I’ve seen and heard of many dogs getting torn ears during their working duty, these kinds of injuries not only hurt the dog a considerable amount but they bleed like hell. I know… I’ve seen them!!! It’s frustrating because such scenes could be easily prevented by solely using a bit of common sense, as prevention is always better than cure. I think if it prevents one dog from getting injured in a farmers or hunters lifetime then that’s good enough for me in my view.

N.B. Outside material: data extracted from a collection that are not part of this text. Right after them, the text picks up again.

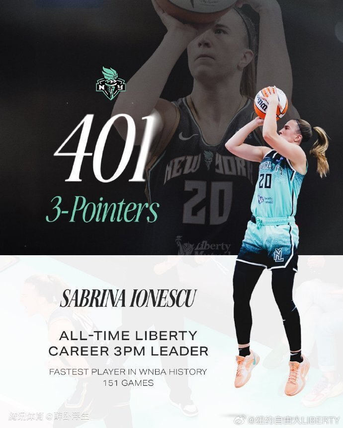 此外,“女库里”约内斯库13分7助攻2记三分,生涯命中401记三分,超越罗宾逊的400记三分,加冕纽约自由人队史三分王。约内斯库仅用151场比赛就命中400记三分,超越陶乐西的158场纪录,创造全新的WNBA历史命中400记三分历史最快纪录。
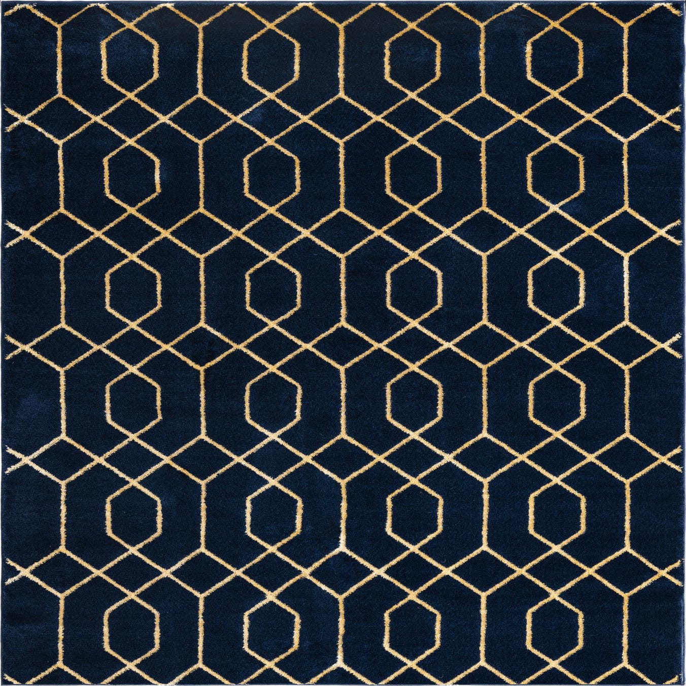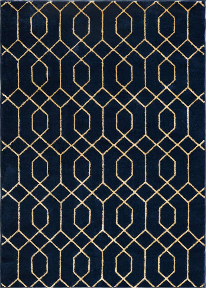 A deep Navy Blue Gold field provides a rich backdrop for a crisp Gold geometric trellis. The pattern alternates elongated octagons and connected diamond motifs to create a modern, structured repeat that reads clean and balanced across the surface. Machine made from 70% polypropylene and 30% polyester, the rug has a low-to-medium pile with a soft, slightly velvety hand and a gentle sheen from the polyester fibers, giving the gold lines a subtle luminous quality against the darker ground.
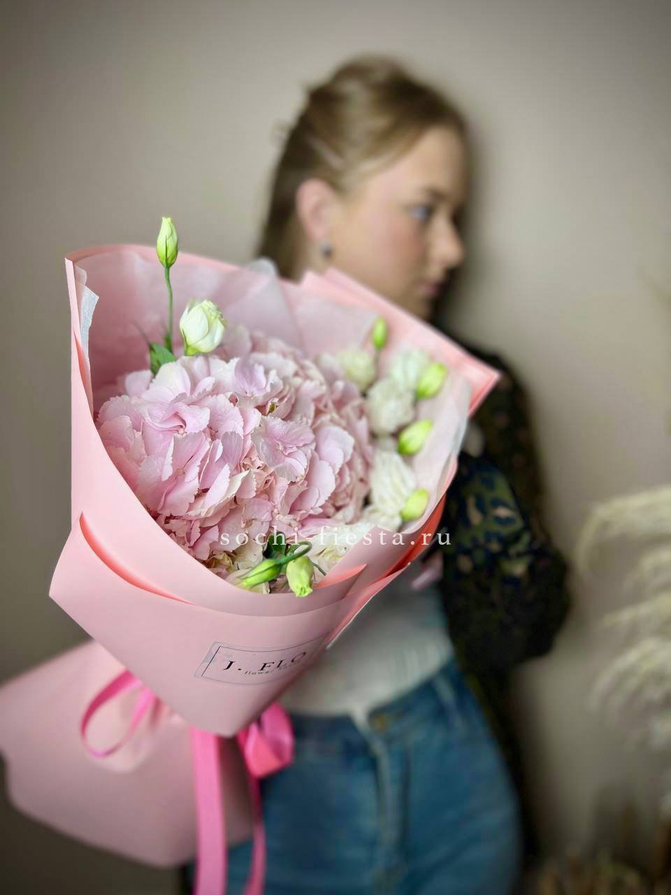 розовая гортензия, белые ирисы (или эустома), лента, дизайнерская упаковка.
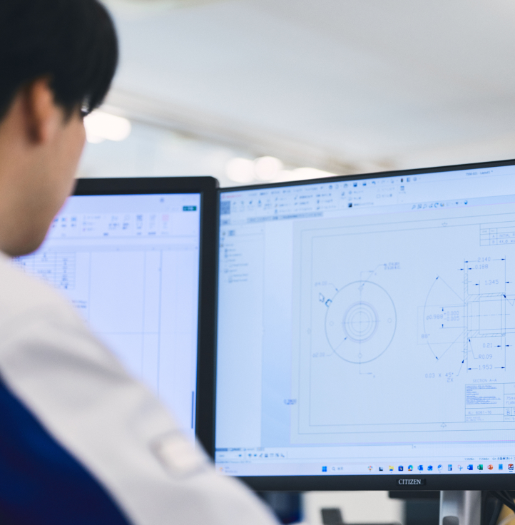 幼少期から折り紙やプラモデルなどのものづくりに親しみ、自分の手で形あるものを生み出し、人に喜んでもらえることに大きな喜びを感じていました。大学ではその関心をより専門的に深めたいと考え、機械工学を専攻。機械設計やCAD※1を用いた製図などに取り組む中で、ものづくりの奥深さや面白さを実感しました。就職活動では、「ものづくりで人を幸せにする」という軸を持ってメーカーを中心に企業を見ていたところ、シチズン・システムズと出会いました。単に製品をつくるだけでなく、「人のためにものづくりをする」という企業姿勢に深く共感し、自分もその一員として社会に貢献したいと感じ、入社を決めました。

One of the other positive reasons for cropping is it helps prevent hematomas which can be caused by excessive head shaking and ear scratching. A dog constantly living and working in the field, covered in dust, rain, flys, pollen and mud will be doing the above a lot more than a pet dog therefore it has a much higher chance of getting it. Again, this is something that can be extremely discomforting for a dog and the only way to fix it is to drain them or surgical intervention.

I have only covered a few points in a subject that is a mine field. I am not trying to change anyone’s opinion on the subject weather your against it or not, I’m simply saying that in my experience ear cropping serves a purpose, especially for dogs who live a certain life style and do certain functions. However, what I don’t like to see is all of these modern exotic dog breeds with their ears cropped. It’s these kinds of owners and breeds that increase the anti cropping wave as the crop in this instance serves no purpose or need, it’s nothing more than most owners trying to act/look hard with their dogs.

These dogs and owners don’t know what a hard days work is out in the field if it hit them in the side of the head, they will never live in the elements, they will never face animals who will hurt a dog and cause serious damage if given half a chance and above all they will never know what that mythical creature is that’s called a real working dog.